Show all filings for ORIGINOIL INC

Form 8-K for ORIGINOIL INC


5-Aug-2013

Unregistered Sale of Equity Securities


Item 3.02 Unregistered Sales of Equity Securities.

Common Stock and Warrant Offering

As previously disclosed in the Current Report on Form 8-K of OriginOil, Inc. (the "Company") filed with the SEC on March 19, 2013, May 7, 2013, May 30, 2013, June 10, 2013, June 19, 2013 and July 10, 2013, the Company's Annual Report on 10-K filed with the SEC on April 16, 2013 and the Company's Quarterly Report on 10-Q filed with the SEC on May 20, 2013, on February 15, 2013, the Company commenced a private placement offering, as subsequently amended, of up to 12,000,000 shares of common stock together with up to four series of warrants to purchase up to an aggregate of 48,000,000 shares of common stock.

From July 11, 2013 to August 4, 2013, the Company sold to an accredited investor an aggregate of 100,000 shares of its common stock together with one-year warrants to purchase an aggregate of 100,000 shares of its common stock and three-year warrants to purchase an aggregate of 100,000 shares of its common stock for aggregate gross proceeds of $25,000. The warrants are exercisable at a price per share of $0.25, subject to adjustment for stock splits, dividends, distributions, recapitalizations and the like.

The securities offered will not be and have not been registered under the Securities Act of 1933, as amended (the "Securities Act") and may not be offered or sold in the United States absent registration or an applicable exemption from registration requirements. This Current Report on Form 8-K shall not constitute an offer to sell or the solicitation of an offer to buy, nor shall there be any sale of these securities in any state in which such offer, solicitation or sale would be unlawful prior to the registration or qualification under the securities laws of any such state.

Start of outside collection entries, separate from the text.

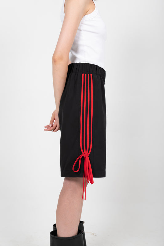 GIADA BOW/RED STRIPE NYLON SHORTS IN BLACK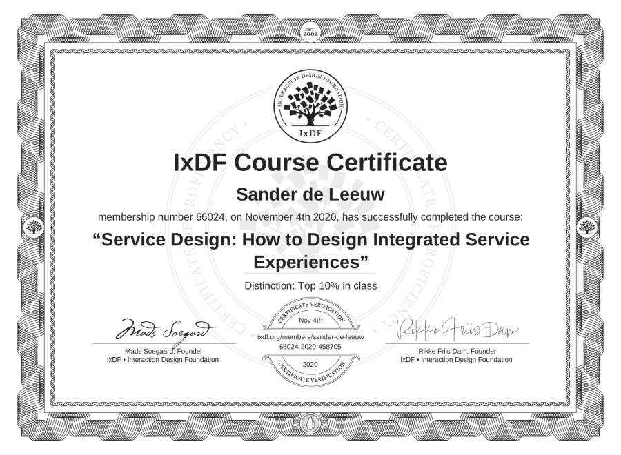 Sander de Leeuw's IxDF Course Certificate: Service Design: How to Design Integrated Service Experiences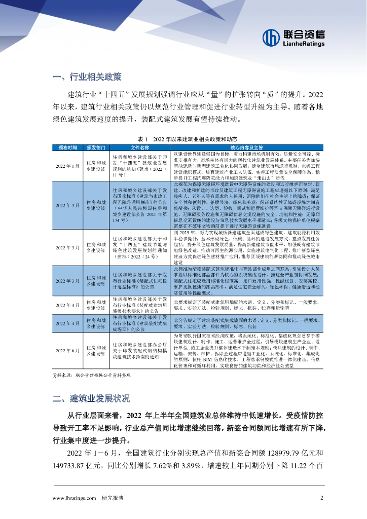 联合资信:基建投资持续发力和融资环境改善,建筑施工行业流动性压力有所缓解-建筑施工行业2022年二季度观察报告.pdf

The securities above were offered and sold pursuant to an exemption from the registration requirements under Section 4(2) of the Securities Act and Rule 506 of Regulation D promulgated thereunder since, among other things, the transactions did not involve a public offering and the securities were acquired for investment purposes only and not with a view to or for sale in connection with any distribution thereof.

Conversion of Notes

On July 18, 2013, holders of convertible promissory notes converted an aggregate principal and interest amount of $154,350 into 1,122,136 shares of the Company's common stock.

The securities above were offered and sold pursuant to an exemption from the registration requirements under Section 4(2) of the Securities Act since, among other things, the transactions did not involve a public offering.

Warrant Exercises

On July 12, 2013, a holder of warrants to purchase up to 16,000 shares of the Company's common stock at an exercise price of $0.25 per share delivered a notice of election to exercise the warrants in full on a cash basis resulting in the issuance of 16,000 shares of the Company's common stock for an aggregate purchase price of $4,000.

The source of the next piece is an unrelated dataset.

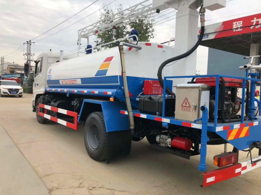 抑塵車吸程≧7米,灑水寬度≧14-16米,射程≧25-40米,引水時間<5min,流量60m3/h。前沖(噴)、后灑、帶側噴(花灑)、帶后工作平臺、平臺上安裝綠化灑水高炮(炮噴射形狀可調節:直沖、大雨、中雨、毛毛雨、霧狀、可連續調節,360°旋轉),配消防接口,自流閥,濾網,帶自吸自排功能。配備大功率專用灑水泵,泵可自吸自排,安裝過濾網,帶消防接口,可通過消防栓進水,帶自流閥,此車尾部加裝大功率農藥噴灑炮,噴灑狀態霧狀,有效射程15-45米,外部平臺帶獨立的機組。

On July 30, 2013, a holder of warrants to purchase up to 23,000 shares of the Company's common stock at an exercise price of $0.25 per share delivered a notice of election to exercise the warrants in full on a cash basis resulting in the issuance of 23,000 shares of the Company's common stock for an aggregate purchase price of $5,750.

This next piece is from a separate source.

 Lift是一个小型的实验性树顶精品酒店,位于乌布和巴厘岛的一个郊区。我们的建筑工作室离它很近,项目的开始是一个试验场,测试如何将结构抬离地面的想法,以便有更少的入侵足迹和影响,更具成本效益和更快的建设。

The securities above were offered and sold pursuant to an exemption from the registration requirements under Section 4(2) of the Securities Act and Rule 506 of Regulation D promulgated thereunder since, among other things, the transactions did not involve a public offering and the securities were acquired for investment purposes only and not with a view to or for sale in connection with any distribution thereof.